Having available housing is only half the problem. A majority of people who are homeless are not capable of handling their own finances. There isn’t a drug addict alive who won’t, when faced with a choice between paying the rent or getting the drugs he needs, choose the drugs. This fact alone creates a revolving door approach to homelessness. An addict on social assistance spends his rent money on drugs. The landlord takes him to court for non payment of rent and the addict is evicted at great expense to society. Because he now has nowhere to keep his things, he loses everything but the clothes on his back and wanders the streets. After a period of time, perhaps years, an outreach worker for one of the agencies that are funded by tax money manages to find the addict another place to live. Because he has no possessions, social services gives him start up money to get the things he needs.

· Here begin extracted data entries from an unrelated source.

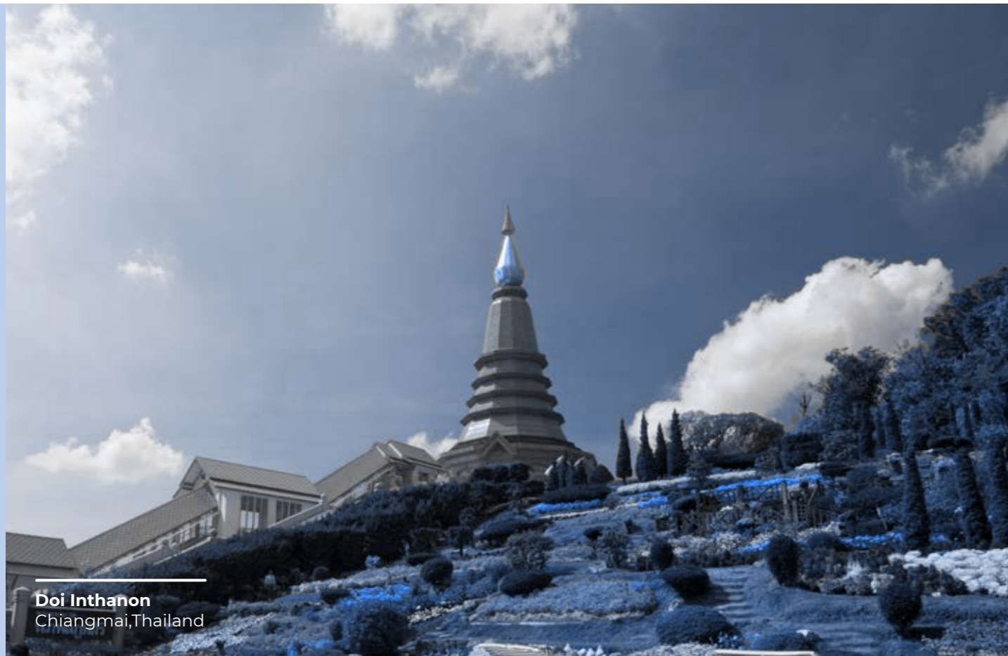
Doi Inthanon Chiangmai, Thailand

Szczególnie ważne jest unikanie otrzymywania jakichkolwiek korzyści osobistych wynikających ze stosunków pracy z Mapei lub zajmowanego stanowiska w Mapei.
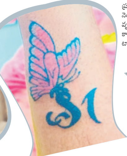
వెరైటీ డిజైన్లతో టాటూ
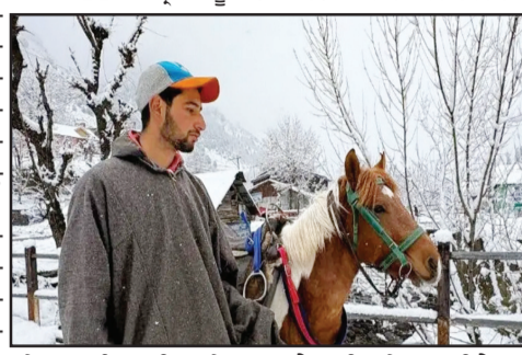
ਅਤਿਵਾਦੀ ਹਮਲੇ 'ਚ 25 ਸੈਲਾਨੀ ਮਾਰੇ ਗਏ ਸਨ। ਅਧਿਕਾਰੀ ਨੇ ਦੱਸਿਆ ਕਿ ਹਰ ਸੇਵਾ ਦੇਣ ਵਾਲੇ ਦੀ ਪੁਲਿਸ ਨੇ ਸਹੀ ਤਰ੍ਹਾਂ ਜਾਂਚ ਕੀਤੀ ਹੈ, ਪ੍ਰਭਾਸਨ

ਪਹਿਲਗਾਮ ਆਉਣ ਵਾਲੇ ਲੋਕਾਂ ਦਾ ਭਰੋਸਾ ਬਹਾਲ ਕਰਨ ਲਈ ਵੱਡਾ ਕਦਮ ਮੰਨੀ ਜਾ ਰਹੀ ਹੈ, ਜਿੱਥੇ ਪਿਛਲੇ ਸਾਲ 22 ਅਪ੍ਰੈਲ ਨੂੰ ਹਫ਼ਤੇ ਭਿਆਨਕ ਕੌਲ ਰਜਿਸਟ੍ਰੇਸ਼ਨ ਕੀਤੀ ਗਈ ਹੈ ਤੇ ਉਨ੍ਹਾਂ ਨੂੰ ਵਿਲੱਖਣ ਕਿਊਆਰ ਕੋਡ ਦਿੱਤਾ ਗਿਆ ਹੈ, ਜਿਸ ਵਿੱਚ ਉਸ ਵਿਅਕਤੀ ਦੀ ਨਿੱਜੀ ਜਾਣਕਾਰੀ ਤੇ ਹਰ ਵੇਰਵੇ ਸ਼ਾਮਲ ਹਨ। ਅਧਿਕਾਰੀਆਂ ਅਨੁਸਾਰ ਜਦੋਂ ਸੈਲਾਨੀ ਆਪਣੇ ਮੌਖ਼ਈ ਫੌਨ ਨਾਲ ਇਹ ਕੋਡ ਸਕੈਨ ਕਰਨਗੇ ਤਾਂ ਉਹ ਸਬੰਧਤ ਵਿਅਕਤੀ ਬਾਰੇ ਪੂਰੀ ਜਾਣਕਾਰੀ ਦੇਖ ਸਕਣਗੇ। ਇਹ ਪਹਿਲ ਚੁੱਕਵੀਂ ਤੇ ਰਜਿਸਟਰਡ ਪਛਾਣ ਪ੍ਰਣਾਲੀ ਵਜੋਂ ਕੰਮ ਕਰਦੀ ਹੈ ਜੋ ਖੋਲ੍ਹਣ ਵਾਲੀਆਂ ਤੇ ਯਕੀਨੀ ਬਣਾਏਗੀ ਕਿ ਕੋਈ ਵੀ ਅਣਅਧਿਕਾਰਤ ਵਿਅਕਤੀ ਸੈਰ-ਸਪਾਟੇ ਨਾਲ ਜੁੜੇ ਹੋਣ ਦਾ ਦਾਅਵਾ ਨਾ ਕਰ ਸਕੇ।

You don’t have to be an addict to spend your rent money and get evicted. People with minimal mental disabilities and even people with no other problem except an inability to handle money wind up getting evicted because they spent their rent money. It may be dumb. It may be irresponsible, but do they deserve to be thrown onto the streets, to face an early death?

There is a simple solution to this problem. If a social assistance recipient receives an eviction notice, a social services worker should be assigned to assess the problem. If the eviction is the result of the person being incapable of handling his own finances due to mental disability, substance abuse, or a simple inability to handle money, social assistance should pay the lost rent provided that the tenant signs an irrevocable authority for all future rent to be paid directly to the landlord. This would prevent the tenant from becoming homeless with all of the social and financial costs that result. The human rights advocates would be prevented from arguing that the tenant’s rights are being trampled, because he has signed this agreement in lieu of being evicted and the money that was paid to the landlord could be considered a loan. If the money is repaid, the agreement would become void.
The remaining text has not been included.